Wisdom tooth, Unwisdom life

 

Alot happened in the past few days/weeks that I have not updated.

To begin, a friend called pain came to visit and decides to attack on my wisdom tooth - but this time a little more intense to the point my tears gradually flowing and even though I wanted to grimace, wince, and give some other reaction - I can't. If i talk, it will further worsen. It felt like someone was digging my gum with a sharp object, and I wish I can take my tooth out in those excruciating moments. Whyyy oh whyyy wisdom tooth is buried underneath the gums huhuhu. 

I was on MC last Friday because of dental pain, and MC again yesterday for gastric. 

It was when I woke up yesterday for Subuh prayers that I felt like a tight knot in my stomach. Since I have gastric that is pretty bad, I know the pre-vomit feeling and decided to run down towards the bathroom. I have three bathrooms in my house, and all three of them are simultaneously occupied. Great -.-. My gut can't stand it anymore and I bluekkkk (mimicking the disgusting sound of me puking) on the carpet without having the time to make it towards the kitchen sink. Double triple great!. Carpet is ruined, kitchen sink needs to be cleaned too #criesblood. Luckily my hubs and maid was there to help me. 

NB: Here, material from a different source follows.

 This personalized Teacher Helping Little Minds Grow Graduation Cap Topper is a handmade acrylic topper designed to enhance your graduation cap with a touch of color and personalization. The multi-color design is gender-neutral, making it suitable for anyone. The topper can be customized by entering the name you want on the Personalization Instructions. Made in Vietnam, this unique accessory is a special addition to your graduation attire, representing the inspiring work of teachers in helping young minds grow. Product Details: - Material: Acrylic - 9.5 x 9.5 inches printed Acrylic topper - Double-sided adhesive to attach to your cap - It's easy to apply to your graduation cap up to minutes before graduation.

I went to the clinic, got my mc and tons of medications for gastric and nausea (anti-vomitting pill included). In addition to that, I also have medications for dental pain (which I guess is not good for gastric-prone people). Sighhhh.

Last month, I also faced this and MC-ed twice. I dont always slap the medical leave cerfiticates to my boss (or in this case, the admin herself) but this time around, I have tons of receipts to claim from the finance department. Hehe.

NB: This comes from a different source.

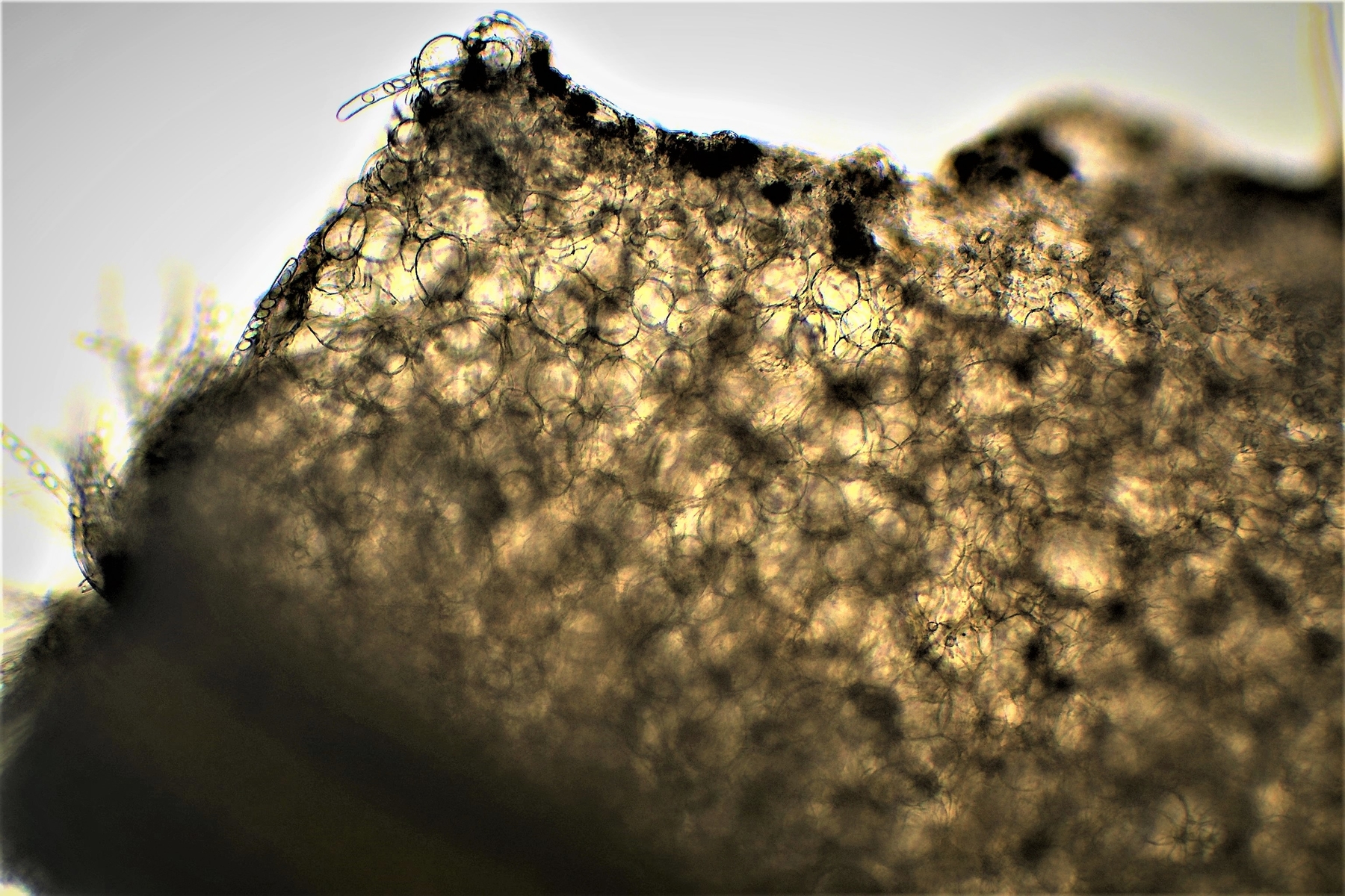ein spanischer Mykologe Miguel Ángel Ribes Ripoll hat eine ausgearbeitete Dokumentation PEZIZA aff. granulosa im Internet, daran hatte ich mich etwas orientiert. Seine Fruchtkörper waren 7 cm im Durchmesser und meinen recht ähnlich. Vielleicht kennt jemand diesen Mann und seine Arbeit und kann etwas dazu sagen, das wäre toll. Die Becherlinge wuchsen auch direkt auf der Erde, diese klebten auch recht dick am unteren Ende. Mit dem Zellkern hatte ich auch überlegt ob das hier auch der Fall ist. Ich kann mich noch im Frühjahr an die Anemonenbecherlinge - Dumontinia tuberosa erinnern. Diese hatten auch Zellkerne die man in Melzer Reagenz dann deutlich sehen konnte und für die Bestimmung dort wichtig waren. Das könnte ich noch nach mikroskopieren.

Alhamdulillah, I felt much better today albeit a lil headache and nauseous at times - and also my wisdom tooth pain isnt completely gone yet. Praying I'll be in the pink of health soon and have the utmost courage to have the wisdom tooth surgery.

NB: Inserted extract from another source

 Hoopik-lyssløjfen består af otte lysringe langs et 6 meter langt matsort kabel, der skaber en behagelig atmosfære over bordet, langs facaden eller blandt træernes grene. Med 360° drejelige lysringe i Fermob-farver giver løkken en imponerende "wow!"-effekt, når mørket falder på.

Im not afraid of needles. I'm just afraid when it comes near my mouth. 

Idk why everytime I have dental pain, gastric problems follows suit. Not sure if there's some kind of science interconnection, but I know if i get my wisdom tooth out, one problem solved. 

Sickness does deteriorate my mental health - I have been struggling to do the things I love because I was too busy trying to get better and feel like a whole again. sometimes we are too focused on the negativity that we often forgot there's a blessing in disguise. 

Alhamdulillah even though my health wasn't at its peak, interviews for new job coming in ceaselessly and I'd like to thank my effort for that. When you hand in your resignation letter, it is a big leap in your life because you are not going to just get out of the comfort your previous job has provided you - but you are going to a new place, gaining new experience, and meeting new people. My innner introvert and anxiety is shaking, but I know the trepidation will be worth it in the long run.